((
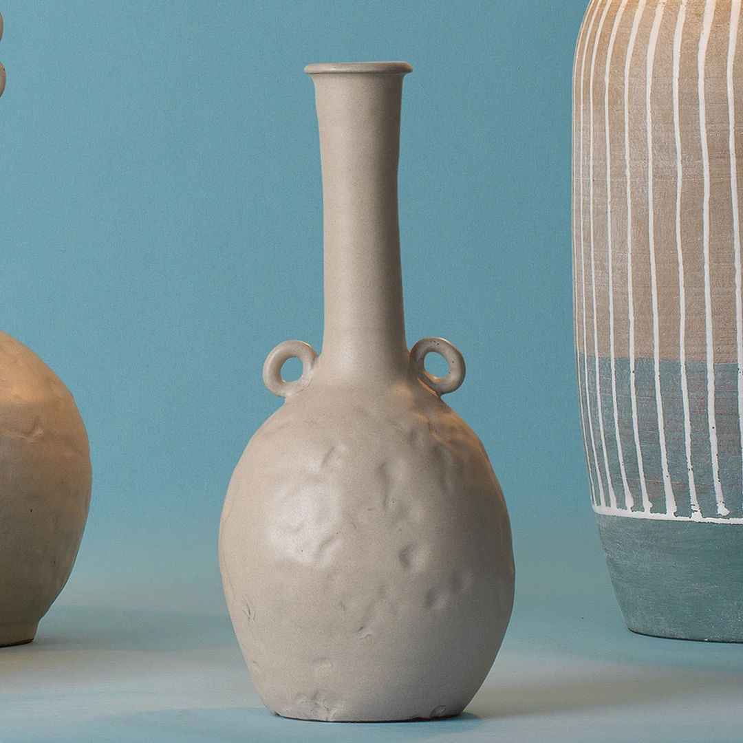 Inspired by the earthy elements of traditional ceramic pottery, the Medium Babar Vase features a naturally molded silhouette finished with a soft lustrous glaze. Its elongated neck and geometric accents give it an organic feel with visual interest. For decorative uses only.
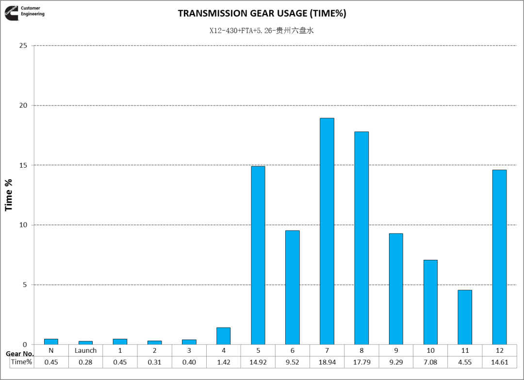 从全程挡位分布看,配置福康X12动力的欧曼自卸车整体运行挡位高于其他车辆,与用户描述的X12车辆爬坡经常比其他车辆多一个挡位相符;说明福康X12动力的重载动力性优于其他车辆。
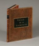 planches, veau raciné époque, dos lisse, pièce de titre maroquin noir, roulettes et fleurons dorés, grande pièce de titre maroquin vert foncé au plat supérieur, les 2 plats encadrés d'une roulette dorée, filet doré aux coupes, roulette bordant les contreplats (frottements négligeables, rares rousseurs, bruniss. en marge des 2 dernières pl.).
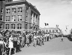 Image shows a crowd looking upon a parade at the fourth annual Johnson County Fair in Cleburne. Published in the Fort Worth Star-Telegram evening edition September 11, 1941.
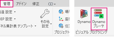 Revit で、[管理]タブ [Dynamo プレーヤ]に移動します。
))
-- The problem --
Drop the pictures and copy the data exactly.

-- Output for this task --
 Inspired by the earthy elements of traditional ceramic pottery, the Medium Babar Vase features a naturally molded silhouette finished with a soft lustrous glaze. Its elongated neck and geometric accents give it an organic feel with visual interest. For decorative uses only.
 从全程挡位分布看,配置福康X12动力的欧曼自卸车整体运行挡位高于其他车辆,与用户描述的X12车辆爬坡经常比其他车辆多一个挡位相符;说明福康X12动力的重载动力性优于其他车辆。
 planches, veau raciné époque, dos lisse, pièce de titre maroquin noir, roulettes et fleurons dorés, grande pièce de titre maroquin vert foncé au plat supérieur, les 2 plats encadrés d'une roulette dorée, filet doré aux coupes, roulette bordant les contreplats (frottements négligeables, rares rousseurs, bruniss. en marge des 2 dernières pl.).
 Image shows a crowd looking upon a parade at the fourth annual Johnson County Fair in Cleburne. Published in the Fort Worth Star-Telegram evening edition September 11, 1941.
 Revit で、[管理]タブ [Dynamo プレーヤ]に移動します。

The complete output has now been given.